For example, it is easy to show that the real units of SAC aren't cfm or lpm, but instead are truly cu ft per minute per ata. It just happens that at 1ata the last part drops out. If you include the /ata at the end you can easily see for example that
1 cu ft/min/1ata = 2 cu ft/min/2ata.

Oh.... my..... GOD!!!! I actually understand your explaination.


I'm becoming a nerd....:umnik: :read:

 

[amascuba]

I'm a nerd....:umnik: :read:

There, that's better.

 

[lamont]

Oh.... my..... GOD!!!! I actually understand your explaination.

now what are the units on G?

F = G m1 m2 / r^2

[ newtons] = G [ kg ] [ kg ] / [m]^2

 

[dsteding]

For example, it is easy to show that the real units of SAC aren't cfm or lpm, but instead are truly cu ft per minute per ata. It just happens that at 1ata the last part drops out. If you include the /ata at the end you can easily see for example that
1 cu ft/min/1ata = 2 cu ft/min/2ata.

This is why I think of things in ATA/minutes. From there, gas consumption calculations get easy:

60 fsw for 50 minutes equals 150 ata/minutes. If my SAC is .75cf/min/ata (mine is about 0.6-0.7 but I still use 0.75 to be conservative), I know that three quarters of my ATA minutes is the gas I'll need (in this case, about 112 cubic feet).

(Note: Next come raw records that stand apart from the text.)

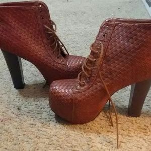 Woven lace up booties that has been lightly worn (1 time). Like new. I was getting started in wearing heels and ordered the wrong size. There is a slight white scuff mark at the back of the right heel. Soles relatively clean but can provide more pictures.
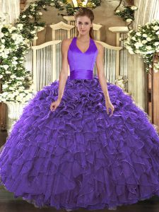 Sleeveless Floor Length Ruffles Lace Up Sweet 16 Quinceanera Dress with Purple
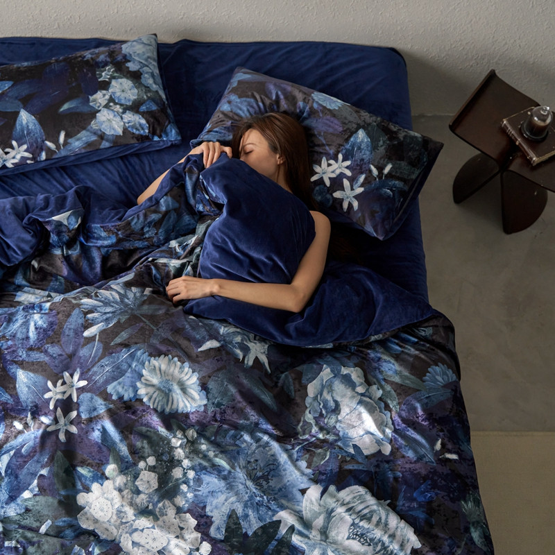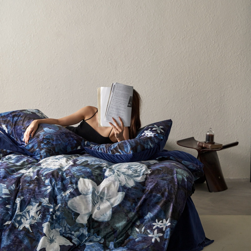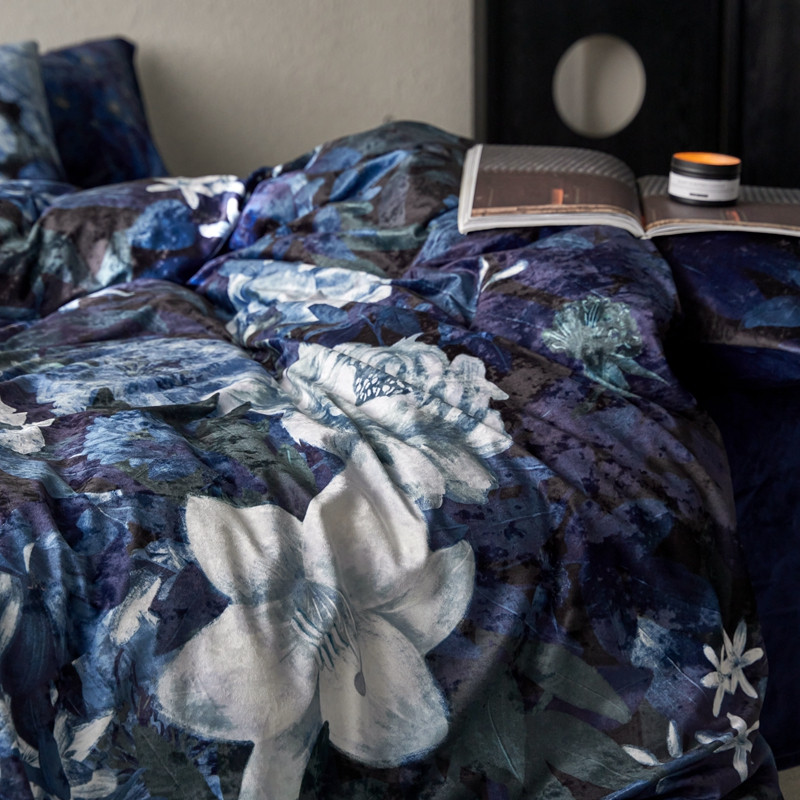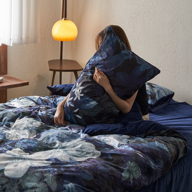 当前位置: 91家纺网 > 商品网购 > 床品套件 > 四件套 > 牛奶绒四件套 > 安莱生活 2023秋冬新品数码印花绒四件套 花戎月影
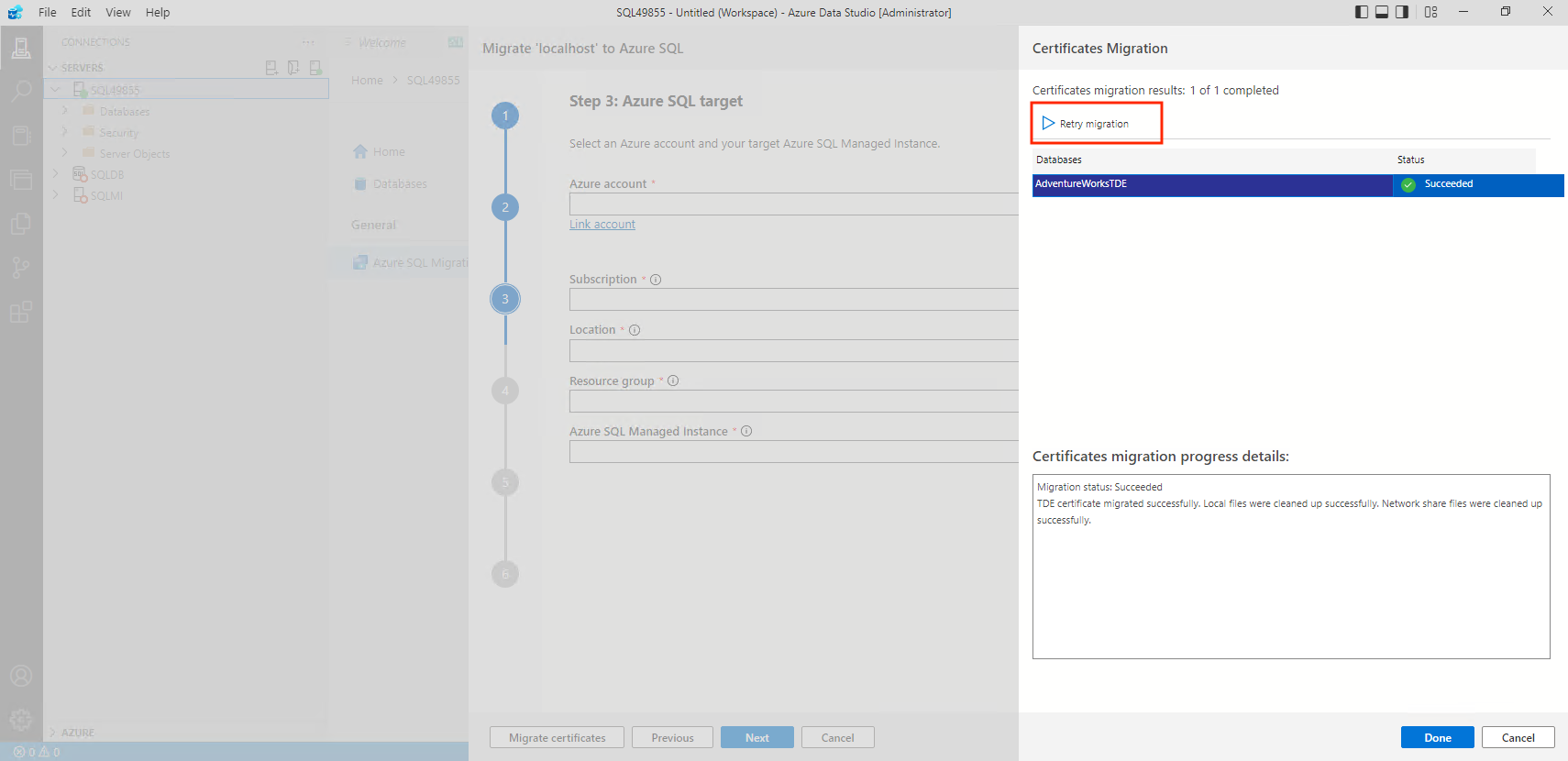 Screenshot that shows how to retry the TDE migration.
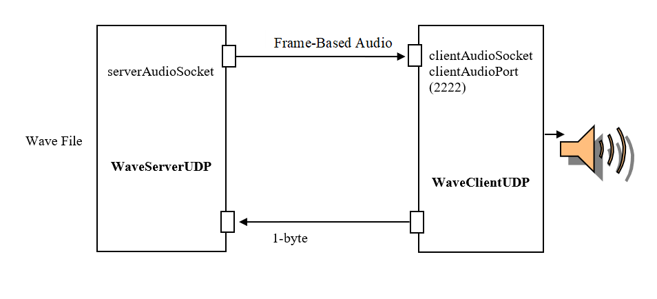 The server sends bytes of audio portionally, when the portion of data is sent it block waits until the receiver sends an acknoledgement
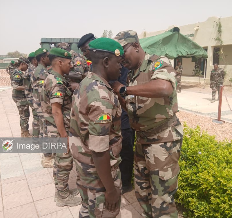 La cérémonie solennelle de reconnaissance aux nouveaux promus et de remise des médailles du mérite militaire russe s’est tenue ce mardi 7 avril 2026, sur la place d’armes du camp 2 de Kidal, dans le quartier Alioune. La cérémonie était présidée par le commandant de zone de la Région Militaire N°7, le Colonel Attacher MAÏGA. Plusieurs responsables militaires des FAMa étaient présents à cet évènement.
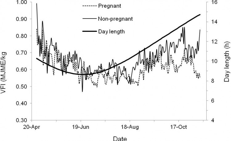 Figure 3: Predicted mean daily voluntary food intake of pregnant and non-pregnant hinds relative to day length (hours between sunrise and sunset) during indoor feeding.(Scott, I.C., Asher, G. W., Barrell, G.K., Juan, J.V. (2012).
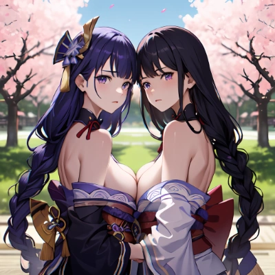 (Best quality,Masterpiece,highres,perfect lighting,)(raidenshogundef,raidenshogunrnd,black shoulder cover with embroidery,(2girl,Twins, back to back))In front of huge cherry tree,torii, temple,looking at viewer,breast,sadness,<lora:raidenshogun1:0.7>Mole at corner of eye,bare skin of back,two different expressions,1tears in eyes,1closed eyes,purple hair

A couple other handy items are PSI per 5 minutes at 100 and 60 feet, having those numbers in the back of your head for the tanks you are using (250 psi and 200 psi respectively for my double 100s with a SAC at 0.75) allows you to do gas planning on the fly if need be.

 

[Phil K.]

60 fsw for 50 minutes equals 150 ata/minutes. If my SAC is .75cf/min/ata (mine is about 0.6-0.7 but I still use 0.75 to be conservative), I know that three quarters of my ATA minutes is the gas I'll need (in this case, about 112 cubic feet).

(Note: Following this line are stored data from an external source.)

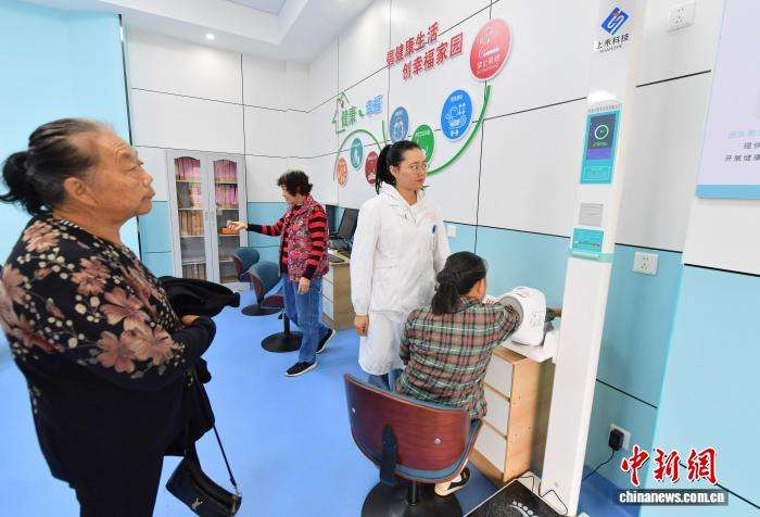 图为医务人员在社区健康小屋为老人量血压、测血糖,老人们一些小的头痛脑热不出社区就可以解决。
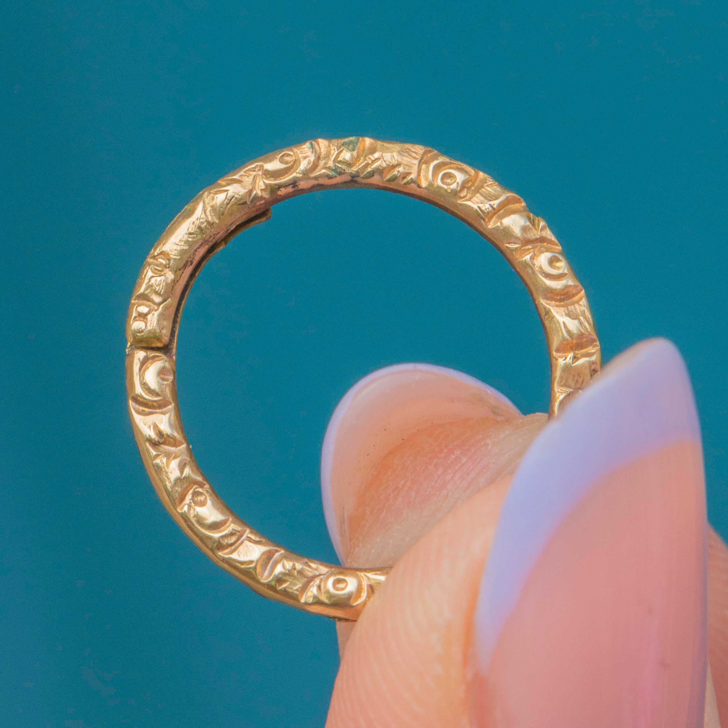 This is a lovely Georgian 9ct Gold chased split ring! Featuring stunning chased detailing adorning the entire circumference, this solid Gold split ring is the perfect antique piece for your collection.
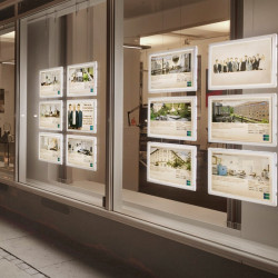 Porte-affiche LED Format A0 double face. Design épuré et minimaliste. Changement facile de l'affiche.

Totally agree with these formulas. However, your example ignores a basic math skill regarding "significant figures." 60 fsw (a measurement with 2 significant figures) is approximately 2.8 ATA (a measurement with 2 significant figures). 2.8 ATA for 50 minutes (a measurement with 2 significant figures) = 140 ata/minutes (a measurement with 2 significant figures). The gas consumed is determined by mutliplying 140 by .75 (a measurement with 2 significant figures) = 105 cf

Your example rounds up 2.8 ATA to 3.0, which replaces a measurement with 2 significant figures with a measurement that has 1 signficant figure and lowers the precision of the result. 112 is more than 6% greater than 105 and is based on an error in the measured depth of 10% (60 fsw instead of 66 fsw). What if our dive was to 3.1 ATAs or 70 fsw. Shall we round up to 4 ATAs and base our calcs on a dive to 100 fsw? The discrepancy here is too great to just ignore as imbedded conservatism. Gas planning should be more precise than that.

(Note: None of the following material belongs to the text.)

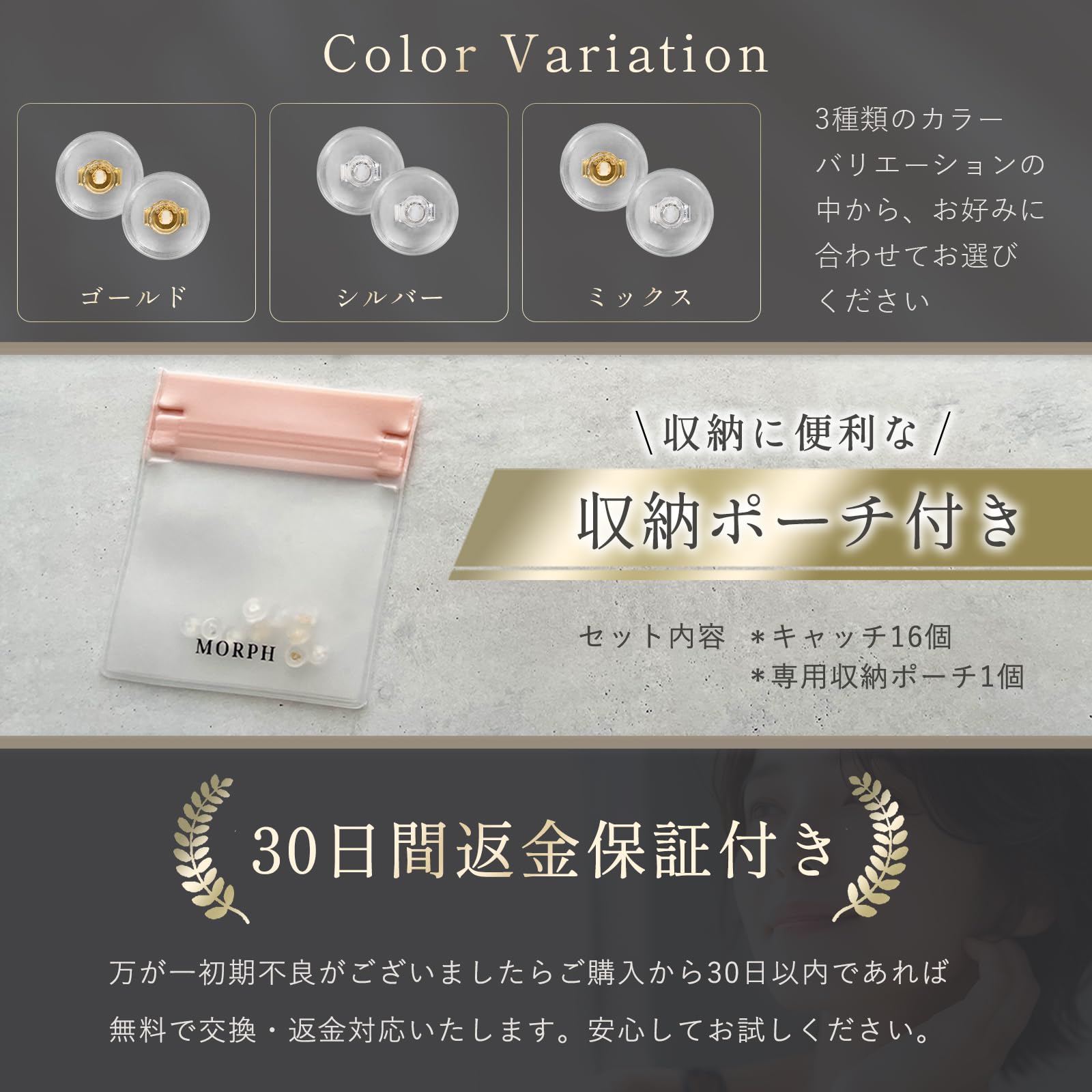 【人気】(モーフ) MORPH ピアス キャッチ シリコン 落ちない 8ペア(16個)セット アレルギー対応 (ゴールド)

There's no need to invent some protocol like rounding up to the nearest 25 hundredths. If were focused on precision, mathematics already gives us one. Keep the number of significant figures the same. If you like .75 as your SAC then use ATAs to two significant figures.

For those who think computing ATAs is mentally challenging, try converting to meters first. (# fsw/10)*3. Then divide the result by 10 and add 1. Voila ... ATAs.

So 60 fsw = (60/10)*3 = 18 meters. 18 meters = (18/10) +1 = 2.8 ATAs.

 

[Rick Inman]

Oh.... my..... GOD!!!! I actually understand your explaination.

now what are the units on G?

F = G m1 m2 / r^2

[ newtons] = G [ kg ] [ kg ] / [m]^2

...oh, well...:sad:

 

[Charlie99]

This is why I think of things in ATA/minutes.

Ooops, you forgot to do your dimensional analysis. :banana:

It's really ata-minutes (both in the numerator).

I kind of prefer ata-minutes because you can figure out the ata-minutes of a profile, ascent, or stops and then quickly and easily adjust it for different SAC assumptions.

For quick and dirty gas usage estimates all I need to remember is that I'll be somewhere between 15psi/min/ata (loafing, drift dive, or just slowly puttering around a reef) or 20psi/min/ata (1kt transit) when using an AL80. If diving with someone who doesn't know his SAC, I'll use 30psi/min/ata, which corresponds to about 0.75cfm.

 

[Charlie99]

Totally agree with these formulas. However, your example ignores a basic math skill regarding "significant figures." ........

Your example rounds up 2.8 ATA to 3.0, which replaces a measurement with 2 significant figures with a measurement that has 1 signficant figure and lowers the precision of the result. 112 is more than 6% greater than 105 and is based on an error in the measured depth of 10% (60 fsw instead of 66 fsw).

SAC's easily move back and forth +/-10%, or even 20%. IMO this sort of rounding is reasonable considering that it is a rough plan than can be changed as the dive goes along.

For those who think computing ATAs is mentally challenging, try converting to meters first. (# fsw/10)*3. Then divide the result by 10 and add 1. Voila ... ATAs.

So 60 fsw = (60/10)*3 = 18 meters. 18 meters = (18/10) +1 = 2.8 ATAs.

I sometimes describe my conversion from feet to meters as "go in the WRONG direction by multiplying by 3; then drop a zero". Same as your equation, just phrased differently. And obviously, to get from feet to ata, multiply by 3, and then drop 2 zeros or divide by 100.

Going from meters to feet (at least in recreational depths) I find it easiest to just work from 3m=10' and figure out how many 3 meters there are. 18 meters is obviously 6 "3 meters", so therefor is 60'.

Even 10's of meters are even integer ata's, which we have all memorized. 20m = 2 ata = 66'.

 

[dsteding]

Totally agree with these formulas. However, your example ignores a basic math skill regarding "significant figures."

Err, with a Ph.D. in geochemistry I better understand significant figures. Of course, they are constrained by the precision of the measurement (here that is arguably your SAC, and given the slop in measuring that I'd propose that at best you can know your SAC to one significant figure anyways). I prefer working with even numbers for quick calculations . . . but I recall that you've been through this with Rjack at length before, so let's agree to disagree.

Charlie, you got me on dimensional analysis, I wrote that, thought about it and said f-it, people will get the idea.

 

[SparticleBrane]

I don't know about that.
I said "ATA per minutes?! ...what the heck? "